Within the listing below, please copy exactly the lines between the line holding "TWS-стереонаушники F9 с" and the line holding "ونشرت جينيفر لوبيز", inclusive.

▶ [Task input]:
■ ■ ■

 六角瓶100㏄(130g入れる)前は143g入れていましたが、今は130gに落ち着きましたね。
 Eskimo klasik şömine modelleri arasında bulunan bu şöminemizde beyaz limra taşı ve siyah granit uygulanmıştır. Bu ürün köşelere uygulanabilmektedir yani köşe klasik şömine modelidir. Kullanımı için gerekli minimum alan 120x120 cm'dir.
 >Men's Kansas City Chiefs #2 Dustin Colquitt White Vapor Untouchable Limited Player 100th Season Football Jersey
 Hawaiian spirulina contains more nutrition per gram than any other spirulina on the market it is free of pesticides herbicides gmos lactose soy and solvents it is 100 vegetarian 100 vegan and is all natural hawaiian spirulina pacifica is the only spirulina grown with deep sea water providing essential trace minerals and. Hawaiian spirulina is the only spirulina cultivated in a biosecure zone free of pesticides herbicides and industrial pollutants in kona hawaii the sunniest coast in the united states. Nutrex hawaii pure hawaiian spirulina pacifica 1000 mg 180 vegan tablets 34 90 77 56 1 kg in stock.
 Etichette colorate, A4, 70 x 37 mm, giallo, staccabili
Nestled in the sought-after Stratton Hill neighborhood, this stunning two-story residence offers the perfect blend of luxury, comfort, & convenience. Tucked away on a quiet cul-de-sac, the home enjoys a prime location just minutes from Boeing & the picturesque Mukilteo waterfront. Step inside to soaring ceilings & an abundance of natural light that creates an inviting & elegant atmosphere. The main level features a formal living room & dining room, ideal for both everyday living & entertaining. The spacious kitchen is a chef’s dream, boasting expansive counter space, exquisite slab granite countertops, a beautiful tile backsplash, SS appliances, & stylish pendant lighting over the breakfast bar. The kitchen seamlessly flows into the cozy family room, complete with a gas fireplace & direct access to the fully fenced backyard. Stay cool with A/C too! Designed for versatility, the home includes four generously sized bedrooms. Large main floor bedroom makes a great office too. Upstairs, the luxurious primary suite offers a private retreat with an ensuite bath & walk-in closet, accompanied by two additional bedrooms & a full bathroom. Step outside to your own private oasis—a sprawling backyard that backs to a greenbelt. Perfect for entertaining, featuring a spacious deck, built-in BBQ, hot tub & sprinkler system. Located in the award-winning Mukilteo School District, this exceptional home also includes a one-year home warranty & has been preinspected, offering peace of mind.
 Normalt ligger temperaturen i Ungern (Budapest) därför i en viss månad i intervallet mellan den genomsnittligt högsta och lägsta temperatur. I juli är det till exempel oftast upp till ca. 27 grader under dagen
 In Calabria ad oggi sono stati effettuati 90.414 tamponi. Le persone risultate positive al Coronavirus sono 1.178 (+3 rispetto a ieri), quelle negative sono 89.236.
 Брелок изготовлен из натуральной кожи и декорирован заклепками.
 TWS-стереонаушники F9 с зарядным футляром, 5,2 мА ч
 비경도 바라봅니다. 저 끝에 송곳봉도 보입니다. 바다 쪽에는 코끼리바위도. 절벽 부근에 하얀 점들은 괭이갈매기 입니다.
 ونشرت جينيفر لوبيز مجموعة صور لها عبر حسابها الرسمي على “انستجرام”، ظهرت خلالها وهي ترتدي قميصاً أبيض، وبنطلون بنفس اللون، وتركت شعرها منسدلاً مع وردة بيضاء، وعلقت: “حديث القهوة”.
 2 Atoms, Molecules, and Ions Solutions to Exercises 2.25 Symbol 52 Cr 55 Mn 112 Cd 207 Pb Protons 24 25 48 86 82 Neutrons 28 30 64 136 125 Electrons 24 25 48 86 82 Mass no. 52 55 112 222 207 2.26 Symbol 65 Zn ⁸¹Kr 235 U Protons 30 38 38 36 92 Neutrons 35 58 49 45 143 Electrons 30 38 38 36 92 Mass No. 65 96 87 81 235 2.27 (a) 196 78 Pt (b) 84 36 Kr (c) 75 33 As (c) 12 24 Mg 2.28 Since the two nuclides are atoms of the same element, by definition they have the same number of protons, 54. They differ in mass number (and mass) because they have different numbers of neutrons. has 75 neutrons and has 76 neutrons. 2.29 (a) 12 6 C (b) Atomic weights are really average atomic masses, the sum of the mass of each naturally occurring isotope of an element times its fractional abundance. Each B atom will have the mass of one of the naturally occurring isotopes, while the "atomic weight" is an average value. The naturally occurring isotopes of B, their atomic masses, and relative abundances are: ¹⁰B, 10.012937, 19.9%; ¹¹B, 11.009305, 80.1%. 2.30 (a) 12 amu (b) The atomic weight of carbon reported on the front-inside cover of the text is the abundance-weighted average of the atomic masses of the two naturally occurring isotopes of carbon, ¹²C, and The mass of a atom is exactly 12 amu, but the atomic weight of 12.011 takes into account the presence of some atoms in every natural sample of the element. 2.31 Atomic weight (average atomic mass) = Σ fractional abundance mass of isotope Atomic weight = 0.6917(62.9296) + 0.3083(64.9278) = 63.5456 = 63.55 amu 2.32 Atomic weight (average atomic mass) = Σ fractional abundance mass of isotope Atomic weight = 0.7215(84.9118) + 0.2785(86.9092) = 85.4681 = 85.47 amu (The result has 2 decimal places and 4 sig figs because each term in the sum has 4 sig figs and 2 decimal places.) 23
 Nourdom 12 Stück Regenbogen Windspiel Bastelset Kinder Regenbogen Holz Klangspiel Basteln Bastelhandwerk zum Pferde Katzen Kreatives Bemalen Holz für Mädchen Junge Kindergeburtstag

■ ■ ■

▶ [Completed exercise]:
 TWS-стереонаушники F9 с зарядным футляром, 5,2 мА ч
 비경도 바라봅니다. 저 끝에 송곳봉도 보입니다. 바다 쪽에는 코끼리바위도. 절벽 부근에 하얀 점들은 괭이갈매기 입니다.
 ونشرت جينيفر لوبيز مجموعة صور لها عبر حسابها الرسمي على “انستجرام”، ظهرت خلالها وهي ترتدي قميصاً أبيض، وبنطلون بنفس اللون، وتركت شعرها منسدلاً مع وردة بيضاء، وعلقت: “حديث القهوة”.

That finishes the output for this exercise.